I remember when Siemens made mobile phones. When I searched for my phone on their website the right page was ranked 34 in the results. It didn't take long for them to realise they need to get rid of that branch.
Bad web sites are an indicator for a bad structured company.
I've tried to email sites before about issues but when you use the contact form there is no option to notify the development team and if you call to find out who to talk to they have no idea.
I think that contributes to the problem.
I am a student in Canada. I am addicted to checking out well-designed and user-friendly websites in almost all my spare time. One thing I noticed is that almost all school websites all look bad, and they are quite slow (and tends to break a lot of the times). The same goes for some of the government sites. I still remember my teacher in high school frequently informed us that our school website is down (and sorry for the inconvenience, blah blah). And I hate how some of the universities use Java to power their sites. Despite that Java tends to slow your computer down, it also suffers from weird session errors, and bold and red "session already opened" shows up whenever the user tries to open one of the links on the site in a new tab...
I wonder why schools and governments hire people with incompetent skills to develop such important websites.

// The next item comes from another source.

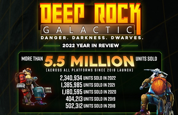 Somente em 2022, foram vendidas 2,34 milhões de cópias de Deep Rock Galactic (um pouco menos do que em 2021 e 2020 no total), o que torna o ano passado o de maior sucesso na história do projeto Ghost Ship Games.

What about your own website? The endless scrolling widget on the home page prevents me from looking at your masthead footer.
It's not just a website problem. The thing is that *YOU* are not the developers' target audience. Their managers are their audience, and the larger the company, the more divorced the management are from the end users.
Hi RG, I wasn't sure what you were talking about, but I think you mean our portfolio, don't you? At http://factore.ca/portfolio/
Anyway, that's a good point - we'll fix it. That's a big difference right there - we listen to our users when they point out something that's not working quite right. Thanks for the feedback.
I have to agree, there are lots a businesses I refuse to frequent because of their poor sites.
With pizza pizza, at least they have a really good iPhone app. Nits the only reason they get any of my business especially when I can walk down to locke and pick up a better pizza aster than they can deliver.